**SOURCE RECORDS**:
Segment Open
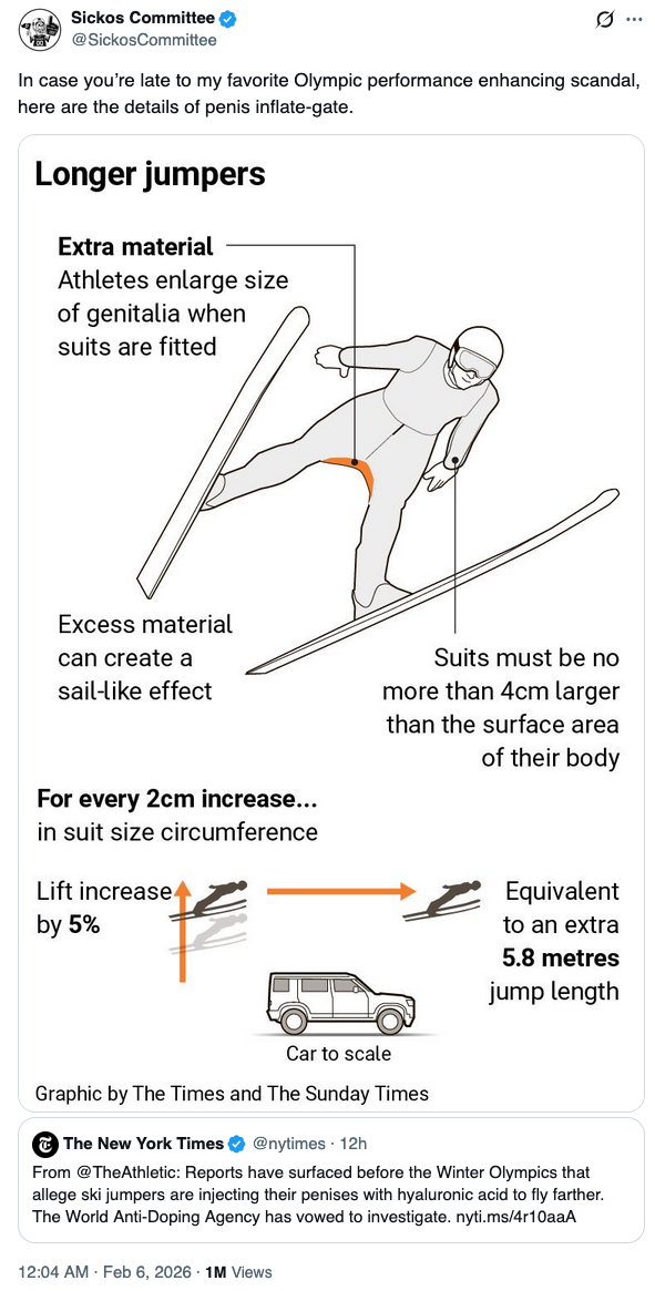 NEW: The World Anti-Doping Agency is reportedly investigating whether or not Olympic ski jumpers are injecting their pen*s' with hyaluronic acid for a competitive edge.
Segment Closed
Segment Open
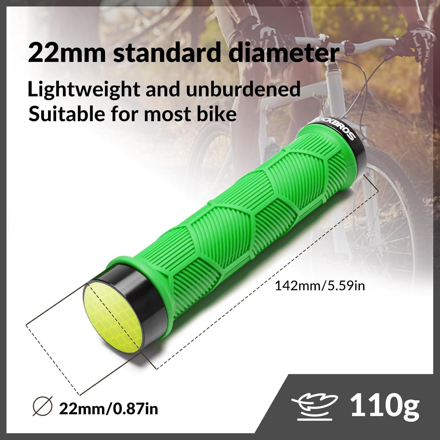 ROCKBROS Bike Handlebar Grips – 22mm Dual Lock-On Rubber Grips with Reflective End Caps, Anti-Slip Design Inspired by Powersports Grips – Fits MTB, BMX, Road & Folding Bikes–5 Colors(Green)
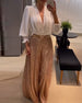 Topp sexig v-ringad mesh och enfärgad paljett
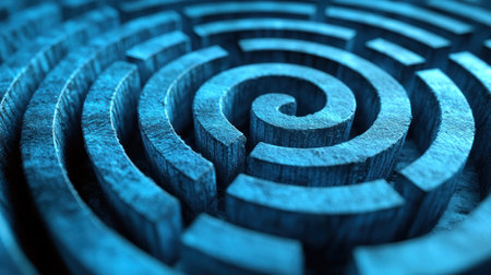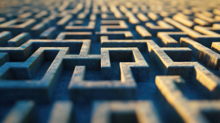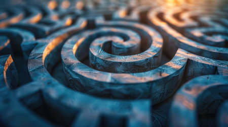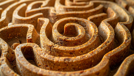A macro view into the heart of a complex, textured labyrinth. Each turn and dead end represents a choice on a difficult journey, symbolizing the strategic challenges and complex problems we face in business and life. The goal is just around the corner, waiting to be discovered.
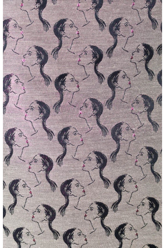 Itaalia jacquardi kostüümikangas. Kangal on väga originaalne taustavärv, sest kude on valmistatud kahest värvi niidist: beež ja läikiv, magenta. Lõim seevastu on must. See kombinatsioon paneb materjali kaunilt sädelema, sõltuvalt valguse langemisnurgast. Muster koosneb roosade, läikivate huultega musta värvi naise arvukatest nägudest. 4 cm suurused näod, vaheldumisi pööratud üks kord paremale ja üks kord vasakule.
Segment Closed
Segment Open
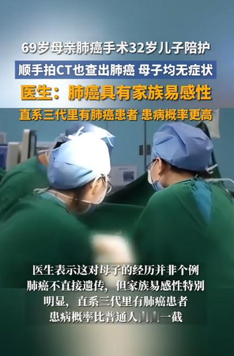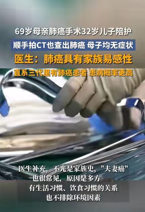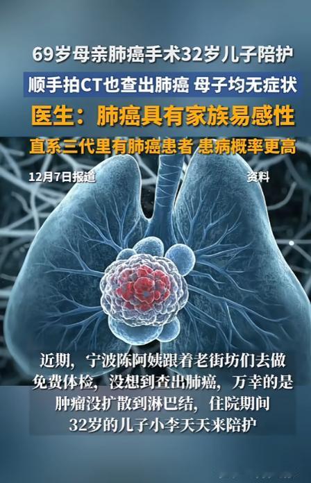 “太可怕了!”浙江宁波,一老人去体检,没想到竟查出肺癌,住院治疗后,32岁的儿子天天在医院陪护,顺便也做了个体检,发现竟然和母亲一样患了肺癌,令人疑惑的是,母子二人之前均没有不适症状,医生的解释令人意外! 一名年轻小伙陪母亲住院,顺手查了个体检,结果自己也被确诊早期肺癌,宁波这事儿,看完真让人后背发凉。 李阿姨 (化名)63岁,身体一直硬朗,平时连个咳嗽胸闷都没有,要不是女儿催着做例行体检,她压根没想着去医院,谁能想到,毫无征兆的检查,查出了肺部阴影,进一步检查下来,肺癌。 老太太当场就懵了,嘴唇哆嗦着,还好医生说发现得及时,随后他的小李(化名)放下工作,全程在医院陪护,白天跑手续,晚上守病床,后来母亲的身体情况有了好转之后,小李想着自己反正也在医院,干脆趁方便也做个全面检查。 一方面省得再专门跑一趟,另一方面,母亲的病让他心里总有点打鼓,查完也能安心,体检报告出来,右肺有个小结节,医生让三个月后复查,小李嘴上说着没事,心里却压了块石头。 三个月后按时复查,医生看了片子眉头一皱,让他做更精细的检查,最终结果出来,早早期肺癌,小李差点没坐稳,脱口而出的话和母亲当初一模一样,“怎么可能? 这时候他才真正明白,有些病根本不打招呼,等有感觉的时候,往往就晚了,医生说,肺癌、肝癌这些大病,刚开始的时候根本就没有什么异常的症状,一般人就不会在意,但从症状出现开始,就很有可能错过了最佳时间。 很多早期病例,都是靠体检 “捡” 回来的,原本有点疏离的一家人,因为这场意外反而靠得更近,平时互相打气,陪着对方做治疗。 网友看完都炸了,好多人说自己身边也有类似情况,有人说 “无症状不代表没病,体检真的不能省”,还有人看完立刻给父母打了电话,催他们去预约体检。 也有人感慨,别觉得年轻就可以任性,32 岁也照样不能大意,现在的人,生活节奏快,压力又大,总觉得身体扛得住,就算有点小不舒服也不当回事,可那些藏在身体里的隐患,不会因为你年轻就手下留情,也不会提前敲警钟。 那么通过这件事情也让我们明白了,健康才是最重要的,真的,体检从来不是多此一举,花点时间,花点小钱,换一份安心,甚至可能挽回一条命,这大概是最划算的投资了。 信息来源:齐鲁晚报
Segment Closed
Print, word for word, the lines above that run from the line containing "ROCKBROS Bike Handlebar" to the line containing "Itaalia jacquardi kostüümikangas.", both included. Keep the pictures out.

 ROCKBROS Bike Handlebar Grips – 22mm Dual Lock-On Rubber Grips with Reflective End Caps, Anti-Slip Design Inspired by Powersports Grips – Fits MTB, BMX, Road & Folding Bikes–5 Colors(Green)
 Topp sexig v-ringad mesh och enfärgad paljett
A macro view into the heart of a complex, textured labyrinth. Each turn and dead end represents a choice on a difficult journey, symbolizing the strategic challenges and complex problems we face in business and life. The goal is just around the corner, waiting to be discovered.
 Itaalia jacquardi kostüümikangas. Kangal on väga originaalne taustavärv, sest kude on valmistatud kahest värvi niidist: beež ja läikiv, magenta. Lõim seevastu on must. See kombinatsioon paneb materjali kaunilt sädelema, sõltuvalt valguse langemisnurgast. Muster koosneb roosade, läikivate huultega musta värvi naise arvukatest nägudest. 4 cm suurused näod, vaheldumisi pööratud üks kord paremale ja üks kord vasakule.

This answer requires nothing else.